Brexit, May: non sarà necessario allungare la transizione

18 Ottobre 2018, di Alberto Battaglia

La premier britannica, Theresa May, presente al summit del Consiglio europeo in corso in queste ore, ha cercato di rassicurare i membri del suo partito sul fatto che non sarà necessario prolungare di un ulteriore anno il periodo di transizione che seguirà al marzo 2019 e precederà la Brexit vera e propria.
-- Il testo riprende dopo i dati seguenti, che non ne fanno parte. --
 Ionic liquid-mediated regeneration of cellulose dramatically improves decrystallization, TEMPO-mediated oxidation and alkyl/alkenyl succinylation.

Il presidente della Commissione europea, Jean-Claude Juncker, al contrario, ha dato questo scenario come “probabile” in una precedente dichiarazione. “Questo prolungamento del periodo di transizione probabilmente accadrà, è una buona idea”, ha detto Juncker in una conferenza stampa, “non è la migliore idea, ma penso che questo ci stia dando un po’ di spazio per preparare la relazione futura nel miglior modo possibile”.

 

Finché il periodo di transizione è in corso, il Regno Unito resta di fatto un membro dell’Unione Europea, con i medesimi vincoli e obbligazioni finanziarie. Ciò ha suscitato intemperanze fra i conservatori più decisi nel giungere a una Brexit esecutiva il più presto possibile. “Noi le chiediamo di chiarire sul fatto che non legherà il Regno Unito nel purgatorio di una membership all’unione doganale europea”, avevano scritto alla May alcuni ex ministri del governo fra cui Boris Johnson e Dave Davis.
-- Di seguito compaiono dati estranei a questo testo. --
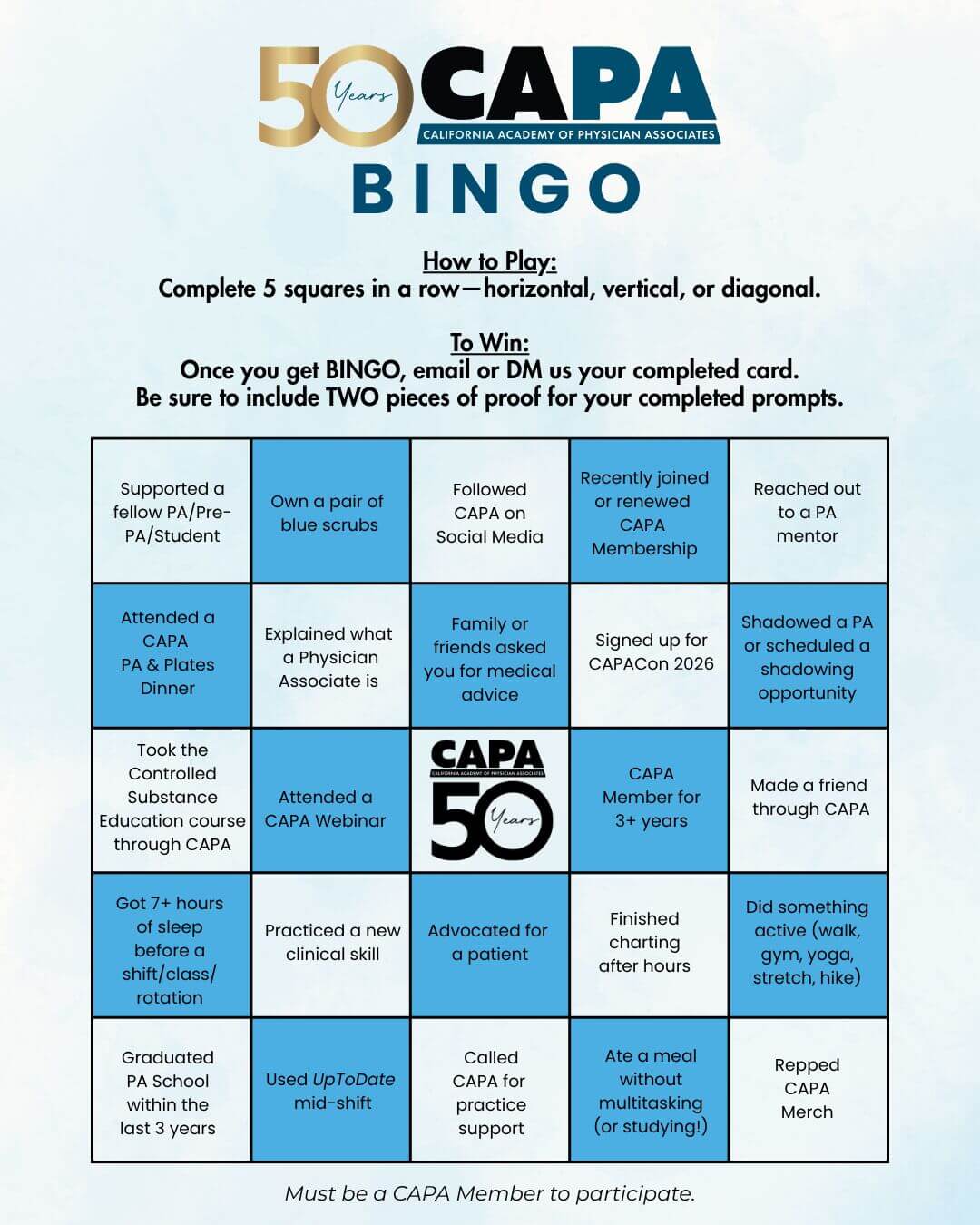 The first 50 members to complete BINGO will be entered into a raffle for a CAPA Merch Bundle: 50th Anniversary Tote, CAPA Polo, Koozie, 50th Anniversary T-Shirt, and stickers.

Il punto è che questo [prolungamento] non dovrebbe essere usato perché stiamo lavorando per garantire che l’accordo sul rapporto futuro [fra Ue e Regno Unito] sia in vigore entro la fine del dicembre 2020”, ha detto May ai giornalisti, “in tali circostanze non ci sarebbe bisogno di alcuna proposta di questo tipo e sono certa che il periodo di transizione finirà entro il dicembre 2020”.
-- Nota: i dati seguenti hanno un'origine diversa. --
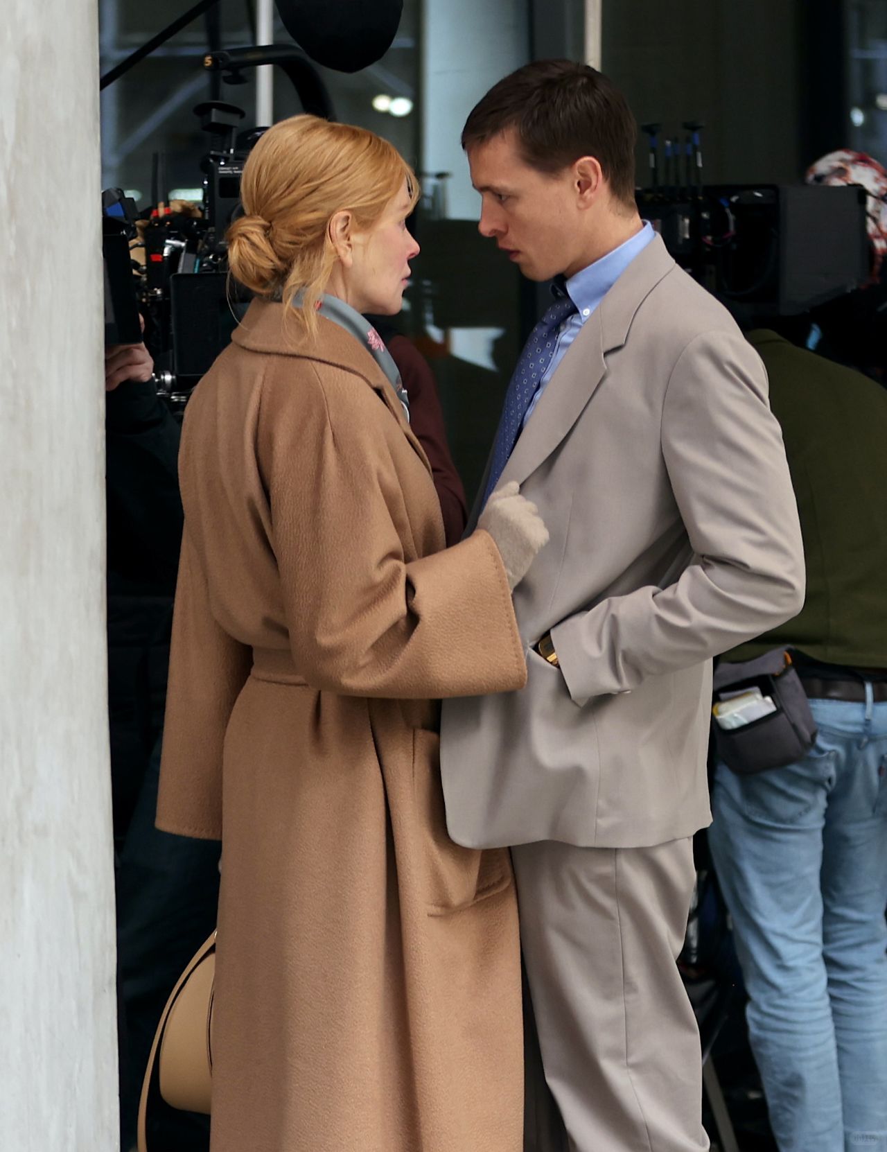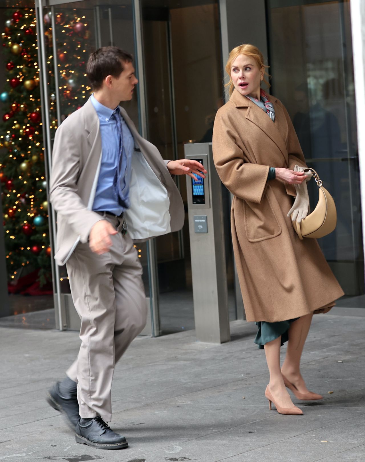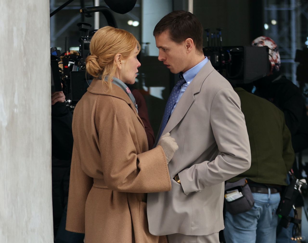 当地时间12月11日,「澳洲影后」妮可·基德曼(Nicole Kidman)和「英国新晋鲜肉小生」哈里斯·迪金森(Harris Dickinson)在曼哈顿办公大楼外拍摄新片《宝贝女孩(暂译)》。

May ha poi mostrato un cauto ottimismo sul fatto che i negoziati potranno scongiurare una no deal Brexit: “Sono convinta che garantiremo un accordo che è nell’interesse del Regno Unito e dell’Unione europea. Queste trattative sono state sempre difficili e lo saranno sempre di più man mano che arriveremo alle fasi conclusive dei negoziati nel 2020″.